投稿テーマを継続的に作る方法は、BtoB企業のSNSコンテンツ企画|投稿テーマを継続的に作る方法で詳しく解説しています。企画段階で投稿の区分まで決めておくと、公開直前の差し戻しを減らせます。
SNS運用ガイドラインに入れるべき7つの項目
1.目的・対象者・アカウントの役割
「認知を広げる」のような抽象的な表現だけでは、投稿の優先順位を決められません。誰に何を理解してほしいか、SNSからどのページ・相談・採用応募などへつなげたいかを記載します。

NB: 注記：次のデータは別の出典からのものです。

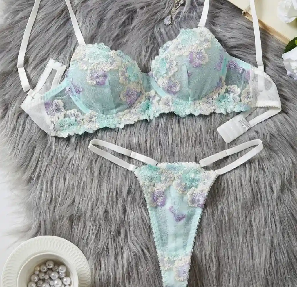 Conjunto de lencería con diseño en tonos pasteles con bordados florales sobre malla transparente que resaltan tu feminidad. ✔️ Sostén de copa con aros, realza tu figura con un ajuste perfecto. ✔️ Tirantes satinados ajustables, para mayor comodidad y estilo. ✔️ Panty tipo tanga con detalles florales y ajuste delicado. ✔️ Diseño romántico y exclusivo, ideal para ocasiones especiales o para sentirte increíble cada día.

例として、法人向けサービスのアカウントなら「導入検討の初期段階にある担当者が、課題や選択肢を整理できる情報を届ける」と定められます。この一文があれば、流行だけを追う投稿や、顧客の判断に役立たない投稿を見直しやすくなります。
2.発信テーマと表現の基準
投稿のトーンは、「親しみやすく」だけでは運用者ごとに解釈が分かれます。使いたい言葉、避けたい表現、根拠確認が必要な主張を具体例で示します。
- 主な発信テーマ:顧客の課題、活用方法、導入時の検討ポイント、企業の取り組み
- 表現の基準:断定を避ける条件、専門用語の説明方法、他社・他者への言及方法
- 確認が必要な主張:料金、実績、効果、受賞、顧客名、将来の提供予定
- 避ける表現:根拠のない優位性、誤解を招く煽り、個人や属性を傷付ける可能性のある表現
ブランドらしさを守るためには、禁止事項よりも「このアカウントは何を大切にして話すか」を先に書くほうが実用的です。投稿文の良い例・修正例を数件残しておくと、新任担当者の判断も早くなります。
3.画像・動画・引用素材の確認方法
SNSでは、文章だけでなく画像、音源、ロゴ、第三者の投稿を扱います。素材ごとに「誰が利用可否を確認するか」を決めます。フリー素材だから使える、インターネット上にある画像だから転載できる、といった判断は避けてください。
文化庁は、写真や動画をSNSで共有する行為について、著作権との関係や、公式に投稿が許可されている場合の扱いを解説しています。利用規約、契約、個別の許諾条件によって判断が変わるため、迷う素材は公開を急がず、権利者や社内の担当部署に確認する運用が必要です。文化庁「ここが知りたい著作権」を確認したうえで、自社用の確認項目に落とし込みましょう。
最低限、素材台帳には「素材の保存場所」「作成者または提供元」「利用条件」「人物が写る場合の確認状況」「確認者」を残します。後から投稿を探して確認する時間を減らせます。
4.投稿前チェックと承認フロー
承認フローは、担当者を増やすことではなく、確認すべき内容を持つ人へ確実に渡すことです。通常投稿なら、次のようなチェックで十分な場合があります。
- 事実、数値、固有名詞、リンク先に誤りがないか
- 画像・動画・引用文の利用条件を確認したか
- 投稿の目的と想定読者に合っているか
- 公開日時、投稿先アカウント、ハッシュタグやメンション先が正しいか
- 問い合わせを受けた場合の案内先が用意されているか
承認者には、投稿案を確認してもらう期限も設定します。「公開日の前日まで」ではなく、「公開予定時刻の24時間前までに一次確認」のように決めると、差し戻し後の修正時間を確保できます。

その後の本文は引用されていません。